I choose to embrace this challenge because it underscores the truth of the matter – that this idea of a crisp and neat conclusion is a human fabrication altogether. We seek closure so badly because the reality is that it often eludes us in real life, pandemic or not. To lead people in this environment demands that we accept uncertainty as the constant, and that most of the time we are the variable. Leading people is all about showing up in the midst of uncertainty – again and again – showing up reliably in an unreliable world.

While part of accepting a world in flux means adapting to change with agility, pivoting and course correcting along the way, an equally important part of being an effective leader in times of crisis is learning how to be a force in opposition to uncertainty, something sturdy and solid; it means understanding that we must find virtues we can embody with steadiness, behaviors that do not change (no matter what swirls around us). If we can’t give people closure, to lead effectively, we must give them consistency.

How > What

To be a stabilizing force in the new year of this extended crisis, I strongly encourage leaders to focus on managing the “how” more than the “what.” Mostly, we can’t control the “what” – what happens around us and in the world. But we can control the “how” – how we respond, how we treat people, how we navigate the good times and the bad.

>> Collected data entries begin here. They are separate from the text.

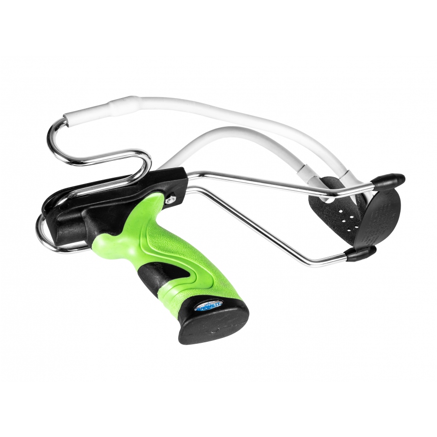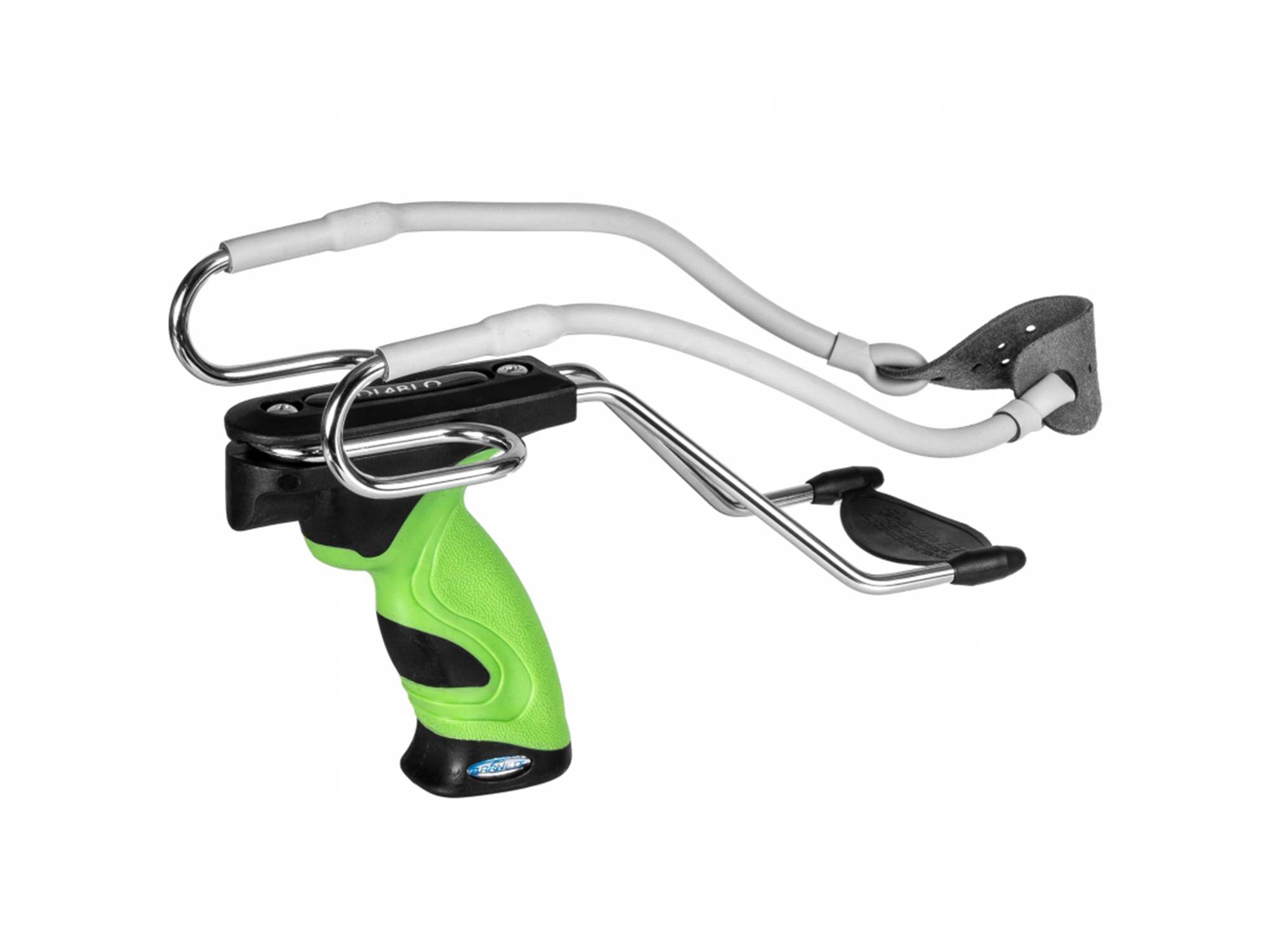 Професійна рогатка Diablo Slingshot не тільки надзвичайно міцна, але й надзвичайно зручна для стрільби. Система «Soft Touch» — це інноваційна конструкція ручки, яка м’яко та зручно лежить у руці, що дозволяє знімати годинами. Призначений для початківців і просунутих стрільців. Ніжка стабілізатора значно підвищує точність. Стійкі до розтягування гумові кінці зі шкіряним кошиком.
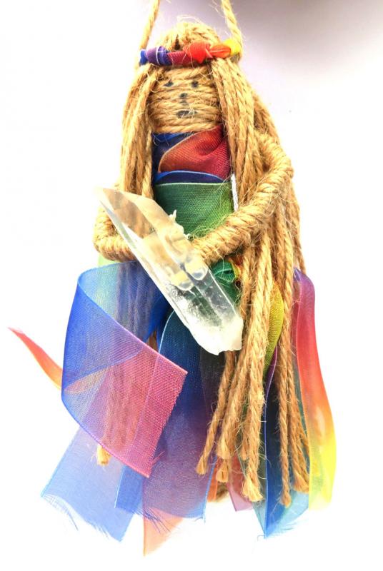 A hanging crystal keeper doll, hand crafted by Angelleesa from natural materials, with its own Quartz Crystal. Measures approx 12cm (5inches) tall.
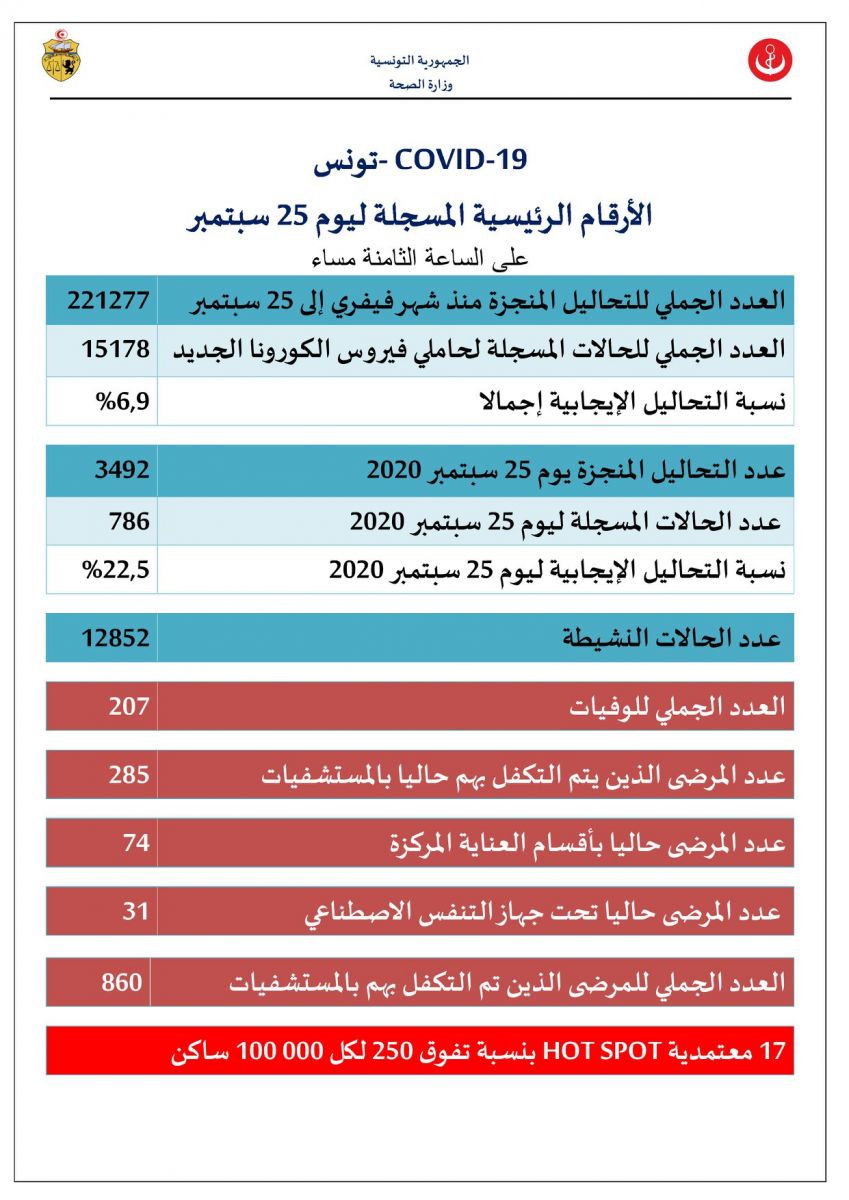 أعلنت وزارة الصحة في بيان تسجيل 786 اصابة جديدة بفيروس كورونا بتاريخ 25 سبتمبر 2020 ليرتفع إجمالي الإصابات بالفيروس إلى 15178.
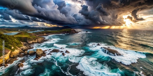 Drone Photography Capturing an Angry Expression in a Dramatic Landscape with Stormy Skies and Turbulent Waters Below, Showcasing Nature's Fury from Above

The best way to manage the “how” boils down to putting people first, repeatedly, no matter the crisis or climate. Create a reservoir of goodwill. Anchor all leadership behaviors in honoring others, treating them with civility, and respecting them as human beings. They should know what you expect of them, and what they can expect from you; they should be able to trust you; they should feel secure that you will treat them with dignity even as the storm clouds gather.

Here are seven simple tenets in service to a commitment to honoring people. Internalize them and act on them regularly, dependably, and people will learn to trust that you are managing the “how” to the very best of your ability.

  1. As a leader, you must be simultaneously tough-minded on standards of performance and tender-hearted with people.
  2. It is unrealistic for you to expect extraordinary effort and performance in an enduring way without creating an environment in which people feel extraordinarily valued.
  3. “Thank you” does not go without saying. Express your thanks for contributions of significance earnestly and often.
  4. In leadership, particularly in a crisis, the “soft” stuff is the “hard” stuff. Often, EQ trumps IQ.
  5. Clarity is next to godliness. The more unclear the circumstances, the clearer your communication must be.
  6. Borrowing one from Stephen Covey, you should: “Seek first to understand, then to be understood.”
  7. Borrowing another one, from Conan O’Brien: “Work hard, be kind, and amazing things will happen.”

Observing these tenets is a way of showing thanks to the people with whom we live and work. It reminds us that the virtue we so often celebrate at the end of the year – gratitude – is active, not passive; more than a feeling, gratitude requires behaviors and action. It doesn’t happen by accident. It requires intention and discipline. The more we anchor our actions in honoring people, the more we prove our credibility amidst catastrophe, our reliability amidst volatility.

When people can’t count on closure (and they can’t), let them count on you. If you are intentional with your leadership, leveraging timeless leadership practices and forming habits around honoring people, you can become that beacon of solidarity and certainty people are seeking – the constant among the ceaseless variables – the port in the storm.